Je préfère le dissensus dur au caramel mou

Je préfère le dissensus dur au caramel mou
Medusa – Il Caravaggio

Parfois on aimerait, face à la violence du monde, qu’un garçon vous prenne dans ses bras et murmure : « Ça ira, je suis là, on connaîtra des jours meilleurs… »

lundi 6 juillet 2015

Νε, φιλοτιμώ!

Oui, j'ai ressenti une immense fierté et senti le sens de l'honneur de cet όχι prononcé par une immense majorité. Comme j'aurais aimé passer rue Ermou pour accompagner cette foule immense jusqu'à Syntagma et dire ma joie, la partager avec les amis grecs ! Alité, je n'ai pu que de loin suivre les événements de Grèce, mais ma pensée et mon esprit étaient tout entiers à ressentir cette immense émotion, d'une portée certes symbolique, mais ô combien importante : cette consultation populaire que d'aucuns mauvais esprits en Occident contestaient, la disant anticonstitutionnelle (!) fut pourtant approuvée par le Conseil constitutionnel grec. Malgré la désinformation constante, malgré la parole offerte dans les médias aux partisans de l'économie ultralibérale prônant le « oui » (oui à l'austérité, oui aux suicides des retraités, oui à l'asservissement de la Grèce en général, oui au démantèlement des services publics, oui à la privatisation des biens communs, oui au rejet par les hôpitaux des personnes indigentes...), l'idée qu'une autre Europe est possible fait son chemin. Le sinistre Claude Guéant, invité sur les ondes de France Inter, a fustigé une fois de plus Alèxis Tsípras l'accusant de tous les maux.
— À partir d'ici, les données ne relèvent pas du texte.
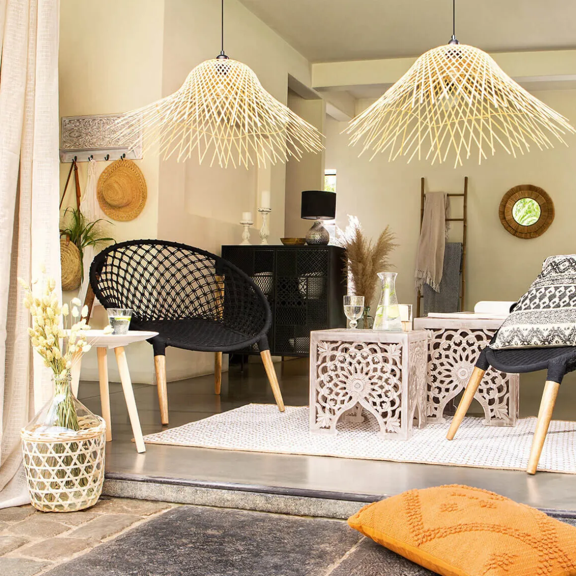 Suspendez ce luminaire au-dessus d’une table Atmosphera en bois sculptée pour transporter vos convives à l’autre bout du monde.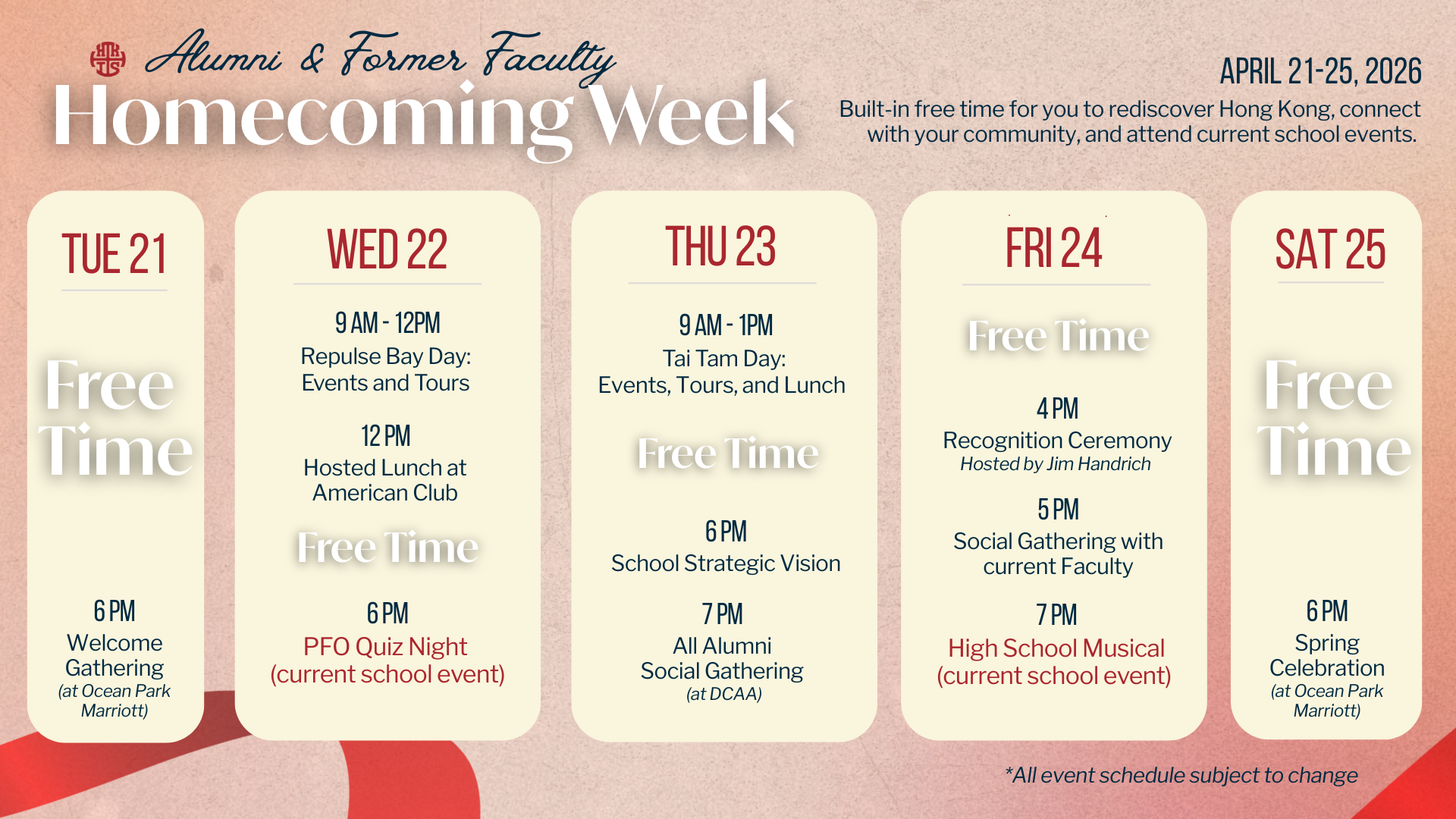 Join us for Homecoming Week, bringing current and former students, faculty, administrators, staff, and parents together for a week of celebration, learning, and reflection. This reunion week celebrates the school’s legacy and its evolution in tandem with the dynamic changes in Hong Kong over the last 60 years.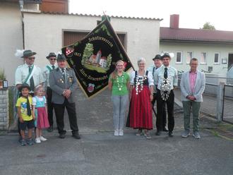 Schützenmeister Paul Kümpflein konnte zur Königsfeier bei strahlendem Sonnenschein dann auch zahlreiche Teilnehmer begrüßen. Besonders begrüßte er Ehrenschützenmeister Alfred Messerer und die Ehrenmitglieder Anni Langner, Willy Weißel, Günter Szudlo und Heiner Bickel. Die Arberger Blaskapelle begleitete den Festzug musikalisch und ein paar Männer der Feuerwehr Altenmuhr sicherten diesen ab. Wie jedes Jahr waren die Namen der neuen Könige ein gut gehütetes Geheimnis. Sogar die Jugendkönigin Hannah Fitzner, erste Station des Festzuges, wusste bis dahin nichts von ihrem Königsschuss. Ihre Eltern und deren Freunde konnten die Vorbereitungen heimlich durchführen und somit war Hannah völlig überrascht von der Königswürde. Sie errang diese mit einem 144,4 Teiler vor Linda Resl (268,6 T.). Janne Schneider übergab die Königskette an die neue Jugendkönigin und deren Eltern luden, nach dem dreifachen Schützen-Heil, die Anwesenden zu einem Imbiss ein. Nach kurzem Aufenthalt zog man zur Damenkönigin weiter. Schnell war klar, dass sich in dieser Klasse Waltraud Eischer mit dem besten Schuss des ganzen Königsschießens durchsetzen konnte. Sie errang den Titel der Damenkönigin mit einem 72,4 Teiler. Vorjahres-Königin Natascha Gröger wurde Vizekönigin (295,7 T.) und überreichte der neuen Königin die Königskette. Auch Waltraud Eischer wurde mit einem dreifachen Schützen-Heil geehrt und in deren gemütlichen Garten verweilte die Gesellschaft zu einem Umtrunk. Danach erfolgte der Marsch zum König. Die Überraschung war groß, als man in den Hof von Johannes Uhlmann einbog, denn dieser war amtierender König 2022 und konnte seinen Titel mit einem 266,9 Teiler erfolgreich verteidigen. Vizekönig wurde Vereins-Fahnenträger Andreas Schmidt (405,3 T.). Nach Übergabe der Königskette durch Schützenmeister Paul Kümpflein und dem dreifach "Schützen-Heil" verweilte man auch hier gut versorgt mit Getränken und Knabbereien. Dann erfolgte der Rückweg ins Schützenhaus, wo Bürgermeister Dieter Rampe die neuen Könige in Empfang nahm und ihnen die Glückwünsche der Gemeinde überbrachte. Die Arberger spielten, ebenfalls schon Tradition, zum Königswalzer auf und das neue Königspaar ließ sich dazu nicht lange bitten. Zum gemeinsamen Abendessen gab es ein Spanferkel, vorzüglich zubereitet von Grillmeister Harry Meier. Nach dem offiziellen Teil klang der Abend dann gemütlich im Schützenhaus aus.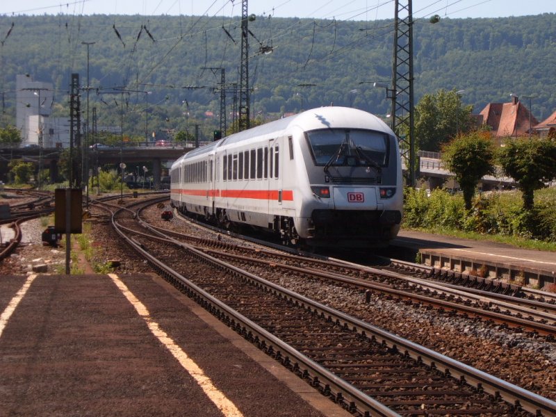 Ein Bpmbdzf-Steuerwagen des IC 2160 von Nürnberg HBF nach Karlsruhe HBF am 19.05.07 bei der Ausfahrt aus dem Aalener Bahnhof.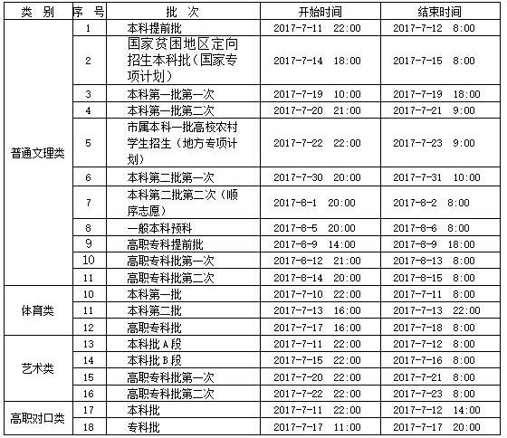 2017年重庆市普通高校志愿征集时间安排表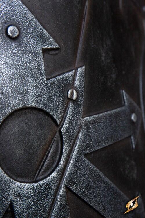 Lavet af slidstærkt skum med lukket celle og overtrukket med latex, dette skjold er mere end klar til LARP-kamp. Skulptureret og håndmalet med realistiske detaljer som ridser og indhak, dette skjold har en mørk mat metallisk finish og metallisk trim med nitter. Et kors vises i midten. Bevar dit greb om dette vilde skjold med tri-position greb og justerbare spænderemme, der findes på indersiden.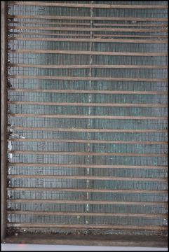 Agricultural seed sorting tray.  A hardwood frame and struts with iron meash sieve.  This 20th century industrial working piece was used for drying fruit as well as sorting and separating seeds.
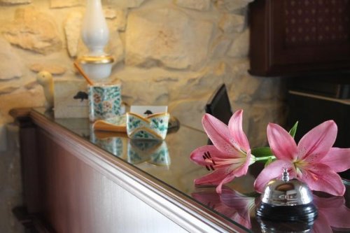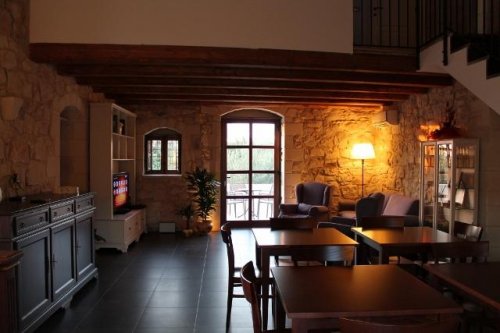 Un piccolo viale d’accesso in pietra conduce al caseggiato principale con il parcheggio, la hall, la reception e le sale comuni per la prima colazione e la cena.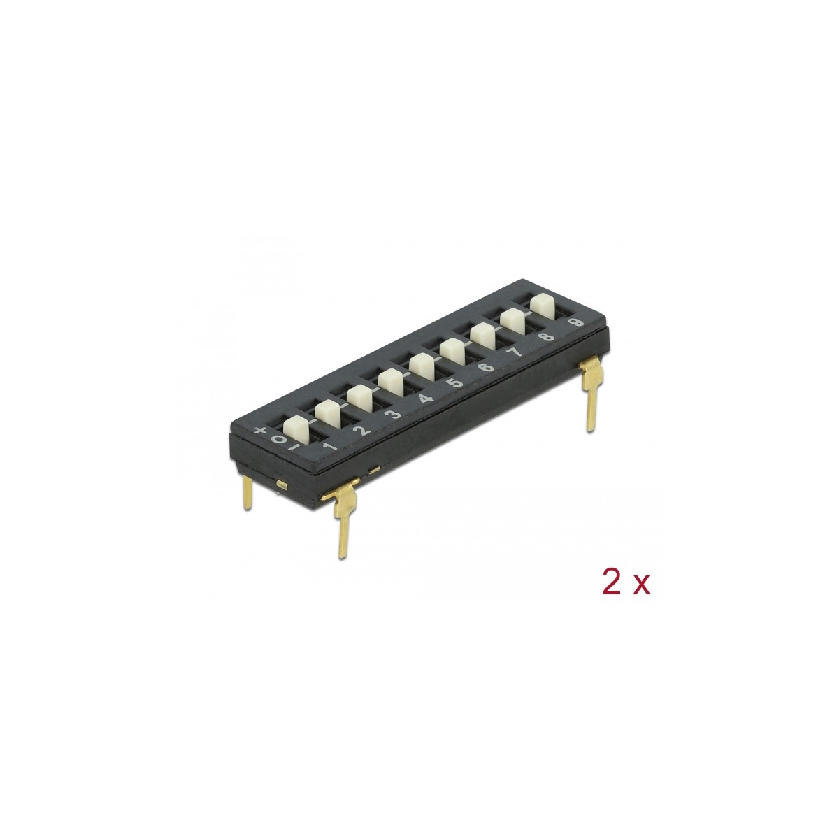 Delock DIP switch Tri-State 9-digit 2.54 mm pitch THT vertical black 2 pieces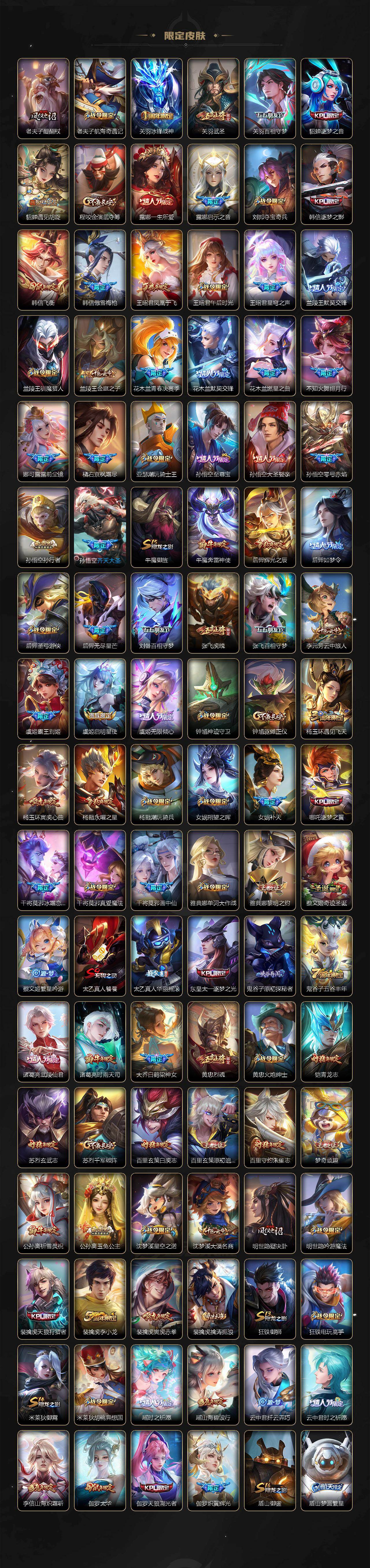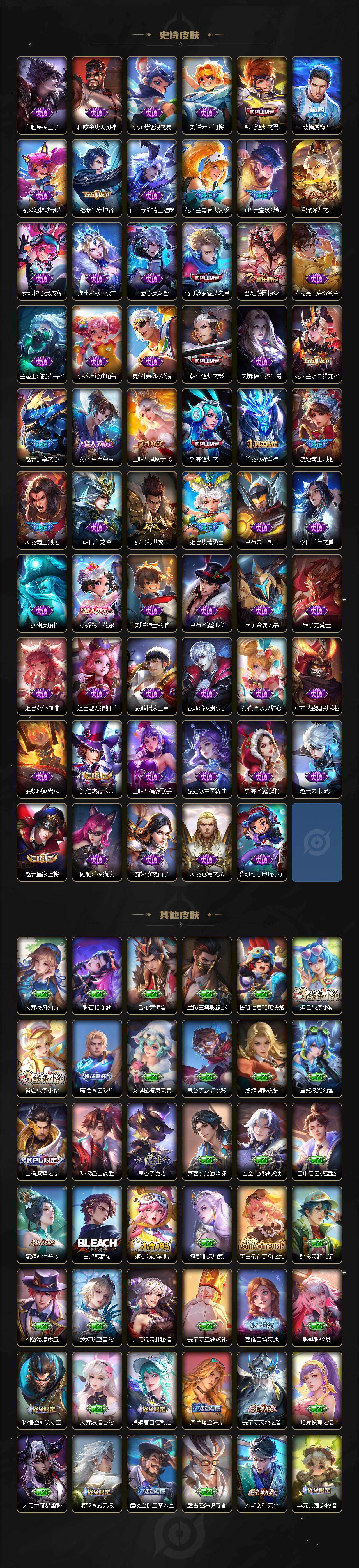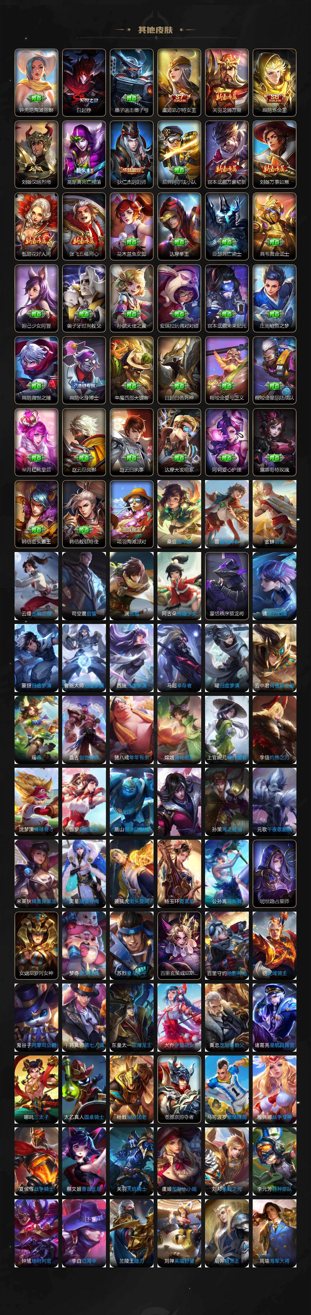 【英雄全皮】:妲己全皮,刘邦全皮,孙权全皮,娜可露露全皮,橘右京全皮,鬼谷子全皮,伽罗全皮,盾山全皮,猪八戒全皮,敖隐全皮,夏洛特全皮,戈娅全皮,空空儿全皮,影全皮

Claude Guéant, lui même mis en examen pour des affaires  douteuses alors qu'il était ministre de Nicolas Sarkozy, n'a même pas la décence de la retenue : « Les Grecs ont vécu au-dessus de leurs moyens. » a-t-il dit.

De quels Grecs parle-t-il ? De ceux qui ont profité de l'argent de l'Europe, les coteries Caramanlis-Samaras-Papandréou, qui ont appelé à voter oui, ceux dont les appartements luxueux à Athènes sont une gifle à ceux qui dorment dans la rue et dans les bâtiments en chantiers ? 


Les Grecs, expression utilisée de manière générale, est un stéréotype idéologiquement très connoté : on disait autrefois « les Ecossais sont ceci, Les noirs sont cela, etc... ». Cette vieille pensée archaïque, profondément discriminante, n'a pas disparu des fondements idéologiques des droites européennes. J'ai rappelé, dans un billet récent, la définition par le Petit Larousse, en 1935,  de l'entrée  « grec ». Je ne suis pas sûr que ces vieilles lunes n'aient plus cours encore aujourd'hui.


Thomas Legrand, à France Inter a même accusé Alèxis Tsípras dans une de ses chroniques, de faire un « coup de poker » avec le referendum. Je ne me souviens pas de l'avoir entendu accuser François Hollande de jouer, maintenant depuis plus de trois ans, au poker menteur, en se ralliant sans vergogne aux positions d'Angela Merkel...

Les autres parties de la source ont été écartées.